Takezaki Naoko, Nei Masatoshi
Life Science Research Center, Kagawa University, Japan.
Mol Biol Evol. 2009 Aug;26(8):1835-40. doi: 10.1093/molbev/msp091. Epub 2009 Apr 30.
In recent years, copy number variation (CNV) of DNA segments has become a hot topic in the study of genetic variation, and a large amount of CNVs has been uncovered in human populations. The CNVs involving the smallest units of DNA segments are microsatellite DNAs, and the evolutionary change of microsatellite DNAs is believed to occur mostly by the increase or decrease of one repeat unit at a time in a more or less neutral fashion. If we note that eukaryotic genomes contain millions of microsatellite loci, this pattern of nucleotide change is expected to generate random changes of genome size, that is, genomic drift, and will provide a neutral model of CNV evolution. We therefore investigated the amount of variation of the total number of repeats (TNR) per individual concerned with 145 microsatellite loci in three human populations, Africans, Europeans, and Asians. It was shown that the TNR follows the normal distribution in all three populations and that the extent of variation of TNR is more than 50% greater in Africans than in Europeans and Asians as expected from the hypothesis of African origin of modern humans. If we consider all microsatellite loci in the human genome and compute the variation of the total number of nucleotides involved (TNN), it is possible to study the contribution of microsatellite loci to the genome size variation. This study has shown that the genome sizes of human individuals are affected considerably by genomic drift of microsatellite DNA alone. This pattern of evolution is similar to that of olfactory receptor (OR) genes previously studied in human populations and support the idea that the number of OR genes has evolved in a more or less neutral fashion. However, this conclusion does not necessarily apply to the genomewide CNVs of various DNA segments, and it appears that long variant DNA fragments are deleterious and under purifying selection.

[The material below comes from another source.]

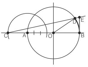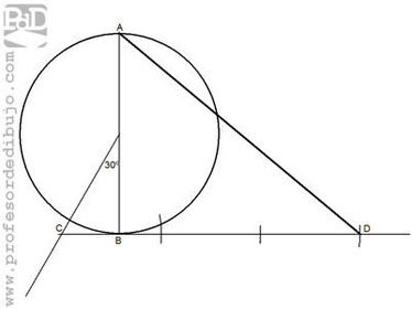 | Rectificación de una circunferencia. Método Kochanski | Trazamos un diámetro vertical AB.Por el punto B trazamos perpendicular al diámetro. Con vértice el centro de la circunferencia trazamos un ángulo de 30º que corta en C a la perpendicular al diámetro.Desde C copiamos 3 veces el radio de la circunferencia para obtener D. AD es la rectificación de la SEMICIRCUNFERENCIA. |
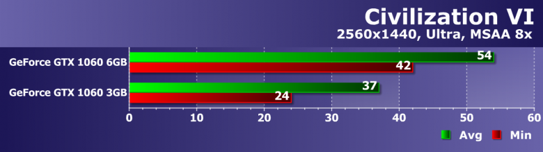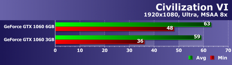 Как хорошо видно на диаграмме, разница между вариантами GeForce GTX 1060 с 3 ГБ и 6 ГБ в таких условиях получилась весьма ощутимой, особенно по минимальной частоте кадров. Впрочем, так как все показанные значения оказались выше 30 FPS, то их можно принять практически равными — на играбельность это не повлияет, и уж тем более — в пошаговой стратегии.

近年来,DNA片段的拷贝数变异(CNV)已成为遗传变异研究中的一个热点话题,并且在人类群体中发现了大量的CNV。涉及最小DNA片段单位的CNV是微卫星DNA,人们认为微卫星DNA的进化变化大多是以或多或少中性的方式一次增加或减少一个重复单位而发生的。如果我们注意到真核生物基因组包含数百万个微卫星位点,那么这种核苷酸变化模式预计会产生基因组大小的随机变化,即基因组漂变,并将提供一种CNV进化的中性模型。因此,我们研究了非洲人、欧洲人和亚洲人这三个人类群体中与145个微卫星位点相关的每个个体的重复总数(TNR)的变异量。结果表明,TNR在所有三个人类群体中均呈正态分布,并且正如现代人类起源于非洲这一假说所预期的那样,非洲人群中TNR的变异程度比欧洲人和亚洲人高出50%以上。如果我们考虑人类基因组中的所有微卫星位点并计算所涉及的核苷酸总数(TNN)的变异,就有可能研究微卫星位点对基因组大小变异的贡献。这项研究表明,人类个体的基因组大小仅受微卫星DNA的基因组漂变的显著影响。这种进化模式与先前在人类群体中研究的嗅觉受体(OR)基因的模式相似,并支持OR基因数量是以或多或少中性的方式进化的观点。然而,这一结论不一定适用于各种DNA片段的全基因组CNV,并且似乎长的变异DNA片段是有害的且处于纯化选择之下。